Caprichou na decoração e, então, em um momento de impulsividade, usou a calda de chocolate para escrever um recado. "Você não é uma torta, mas é doce!". Ela admirou seu trabalho. Era inocente o suficiente para não causar problemas e, quem sabe...
Foi entregar a torta a Alexandre com o coração batendo rápido, e então lhe deu seu melhor sorriso, desejando-lhe uma boa tarde, e não esperou para ver a reação dele à torta. Saiu de fininho e foi lavar pratos, suas bochechas queimando. Sobre os pratos, arriscou um olhar para seu engenheirinho e o viu comer a torta com um pequeno sorriso.
Se sentiu aliviada que pelo menos não parecia tê-lo ofendido e se ocupou com as coisas da cozinha. Alguns minutos mais tarde, Alexandre se aproximou novamente do balcão.
— Ah, meu cliente favorito! – disse ela. – Espero que não se importe de eu ter escrito na sua torta. Há alguma coisa que eu possa fazer por você?
O rapaz sacudiu a cabeça enfaticamente que "não" e ensaiou falar alguma coisa, mas sua língua parecia estar grudada ao céu da boca. Depois de alguns instantes, Emília secou as mãos no avental e estendeu a mão.

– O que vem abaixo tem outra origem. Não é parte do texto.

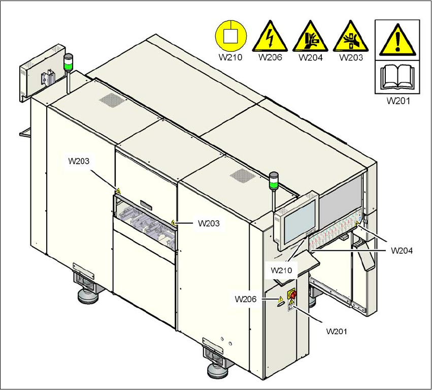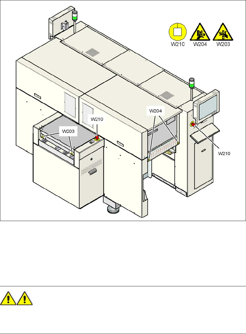 用户手册 SIPLACE D1i/D2i 2 安全操作 源自软件版本 SR.605.03 SP2 2012 年 10 月 中文版 2.2 警告标签 41 2.2 警告标签 2.2.1 贴片机上的警告标签 警告标签由软质 PVC 薄膜制造而成, 该薄膜耐磨损、 耐晒、 且能抗水浸和风化。 其设计符 合 ISO 3864-2 和 ANSI Z535.4 的 要求。 2 图 2.2 - 1 D1i/D2i 贴片机上的警告标签 W201 、 W…
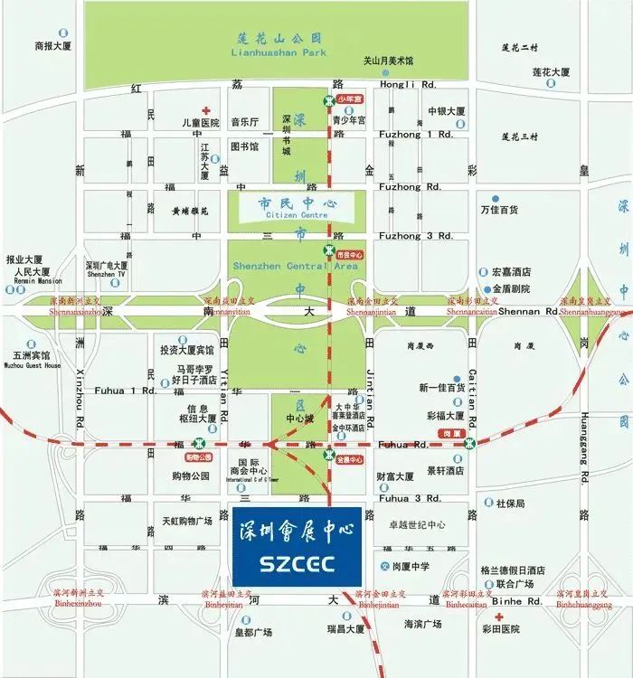 🚌会展中心东侧金田路、西侧益田路、南侧滨河路、北侧福华三路均有公交站点。
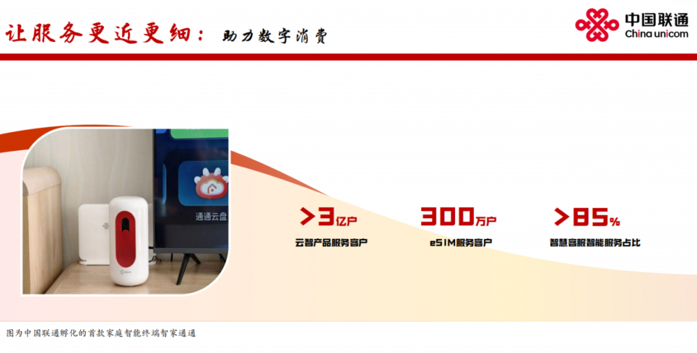 中国联通以产品创新切入家庭融合,打造收入增长第二曲线,深化“AI+产品创新”,加快智慧家庭产品云化和智能化迭代,聚焦智家核心入口和控制中枢,深度定制“智家通通”等多类终端产品。
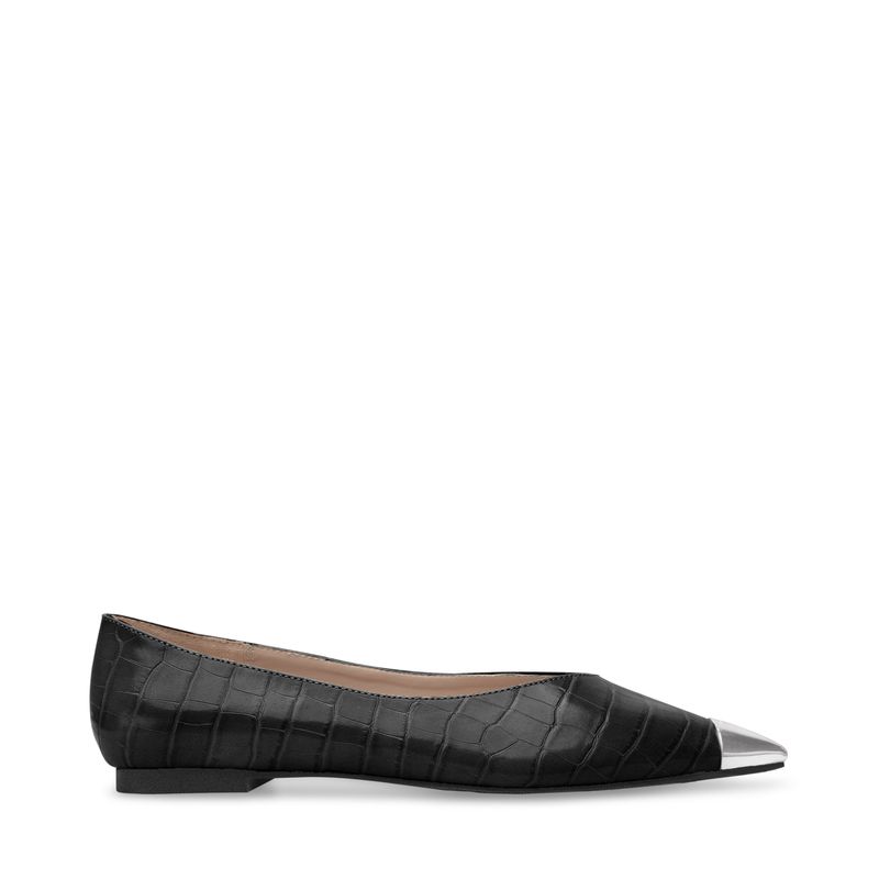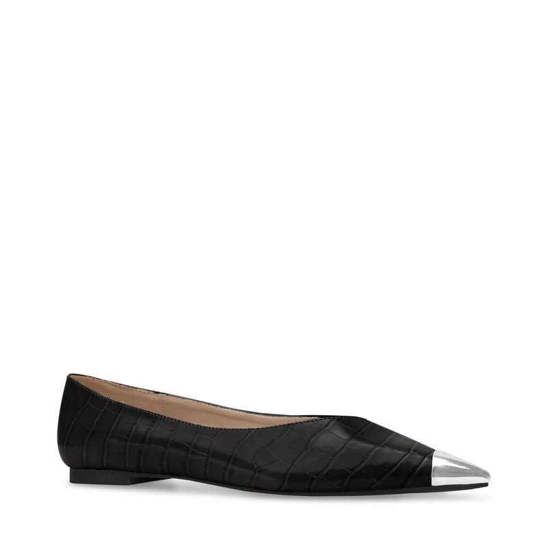 Suma un toque de elegancia y sofisticación a tu estilo con esta balerina negra, diseñada con una increíble textura croco que le aporta un aire único y moderno. El detalle dorado en la punta le da un toque de lujo discreto, elevando tu look de manera sutil pero impactante. Perfecta para lucir cómoda y a la moda en cualquier ocasión, esta balerina combina versatilidad y estilo, convirtiéndola en un must-have para tu día a día.

— Acho que não fomos apresentados formalmente ainda. Meu nome é Emília e hoje fiquei sabendo que o seu é Alexandre. Nome bonito. Muito prazer em sermos formalmente apresentados. – ela sorriu enquanto ele timidamente estendeu sua mão para apertar a dela. – Vejo você sempre estudando por aqui! Parece muito inteligente. É um dos estudantes de engenharia? No que está sempre trabalhando?
Ele corou e evitou o olhar dela.
— É um robô que faz tortas. – disse ele, abrindo uma esquemática.

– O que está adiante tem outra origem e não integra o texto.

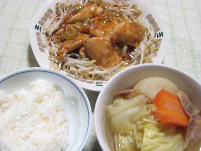 昨日の夕飯(3/22):鶏胸肉のチリソース炒め他
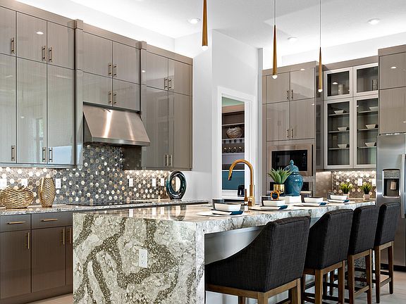 **Under Construction** This brand-new Leslie floorplan, built by Kolter Homes, is situated on a southern facing homesite in the new 55+ Esprit community. The home includes 3 bedrooms, 3 bathrooms, and a 3-car garage. The owner's suite and lanai have been extended by 4' to increase both indoor and outdoor living space, and a 16-foot wide by 10-foot-tall sliding glass door connects the great room to the lanai, which also features an outdoor summer kitchen. Inside, the kitchen comes with gas cooking, an upgraded built-in pantry, a waterfall style quartz island, and second tier upper cabinets. The owner's shower has been extended to the deluxe shower option, and the great room comes with a 74'' electric fireplace. This Leslie also includes a tankless gas water heater and spray foam insulation for added energy efficiency.
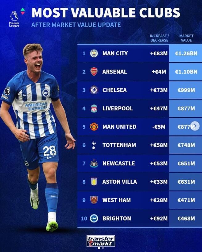 英超球队最新身价排名:曼城12.6亿欧第一,阿森纳第二
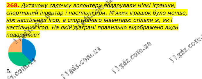 Дитячому садочку волонтери подарували м'які іграшки, спортивний інвентар і настільні ігри. М'яких іграшок було менше, ніж настільних ігор, а спортивного інвентарю стільки ж, як і настільних ігор. На якій діаграмі правильно відображено види подарунків? В.
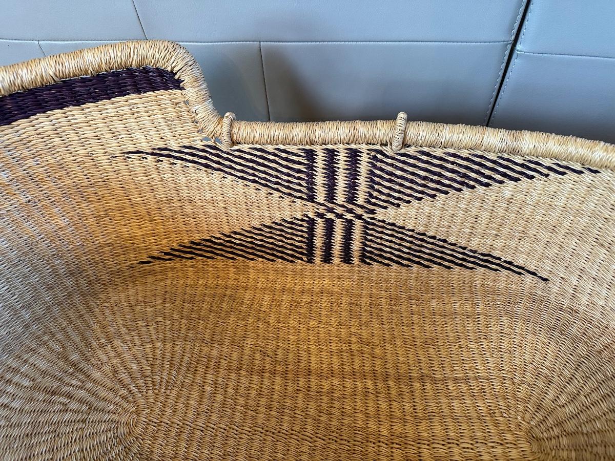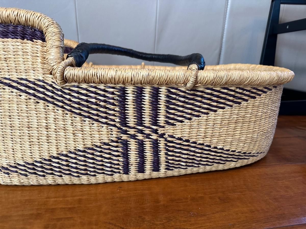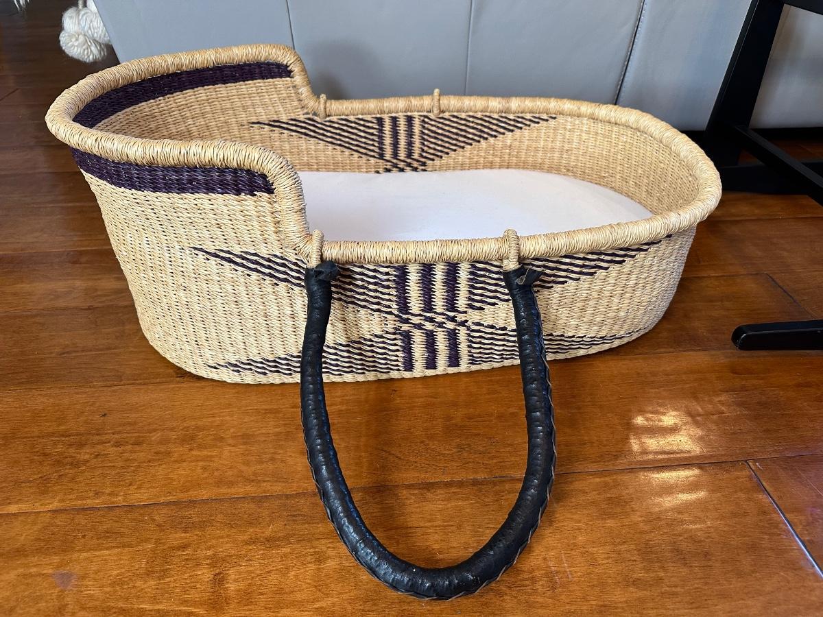 Beautiful handwoven Moses basket with black leather handles and a sleek black rocking stand by Uri Rose & Co. Features a natural and navy woven design with a fitted mattress pad — gently rocks for soothing motion.

— Um robô que faz tortas? Agora já vi de tudo. – disse ela, bem humoradamente. – Não ia ligar de ter um ajudante desses na cozinha. Então, quem sabe, poderia abrir um lojinha de tortas so minha e teria tempo o suficiente para bolar novos sabores todos os dias.
— N- não são tão boas quanto as suas. – confessou ele, sem jeito.

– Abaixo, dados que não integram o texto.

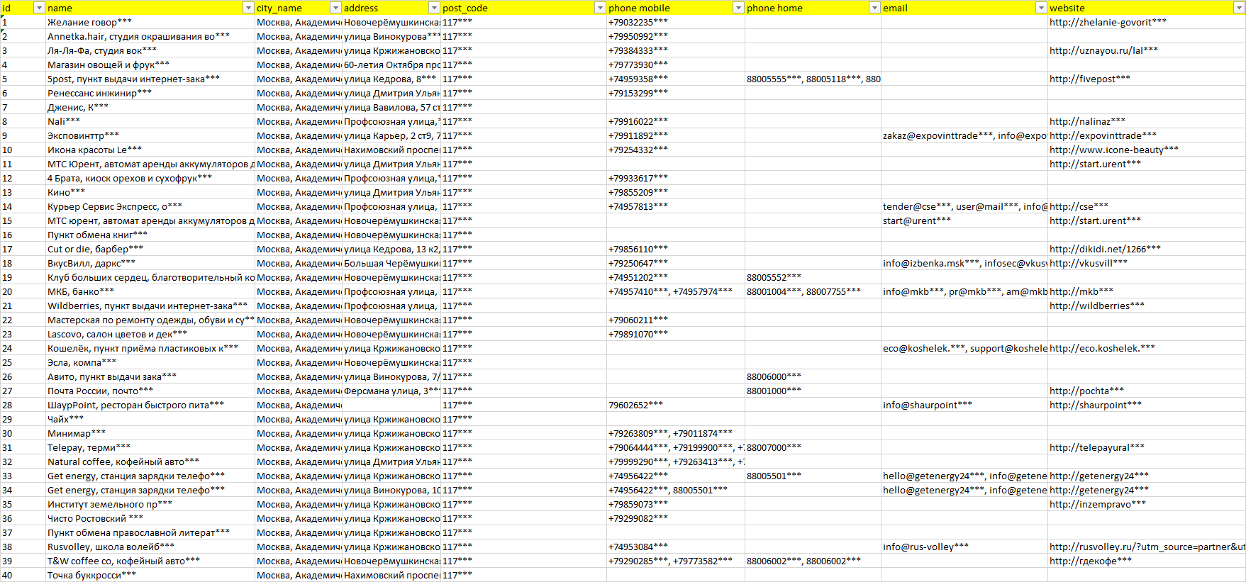База организаций Москвы, вся Россия в формате Excel с эл. почтами, телефонами, сайтами, ссылками на соц сети, координатами и другой информацией. Скачайте демо версию, чтобы ознакомиться с данными.

— É mesmo? De tortas eu entendo. O segredo da torta está na receita. Talvez eu possa ajudar você a ver o que está errado, e então, quem sabe no futuro, possa usar o seu robô na minha loja? – disse ela, dando uma piscadela.
Ele abriu os desenhos que tinha do robô e a receita de torta que estava tentando usar. Estava começando com torta de mousse de maracujá com merengue, obviamente, e havia várias anotações na receita sobre como o sabor, o formato e as decorações eram diferentes dos de Emília, que estavam sendo postos em um pedestal como a torta suprema de todas as tortas.
Ele corou um pouco.
— Tentei fazer parecida com a sua, mas meu merengue não fica com essas voltinhas e meu maracujá não fica azedinho.
— Vou compartilhar com você a receita e aí eu tenho e você tem e será nosso segredo, Alexandre.
Ele concordou enfaticamente com a cabeça.
— Eu coloco uma xicrinha de suco concentrado de maracujá e uma colher de suco em pó no meu mousse de maracujá para ele ficar azedinho desse jeito. E uso uma ponta de confeiteiro que herdei da minha avó para fazer os swooshs swooshs. –. disse ela, imitando o movimento das voltinhas de merengue com as mãos. – Está tudo no tempo e, que você bate o merengue para ele ficar aeradinho.
— Como você bate o merengue?
Emília olhou ao redor, mas o movimento estava morto. Ninguém a incomodou enquanto ela e Alexandre passaram o resto da tarde discutindo sua torta favorita. Acabou que, quando o assunto era algo que lhe interessava, Alexandre era um bom conversador.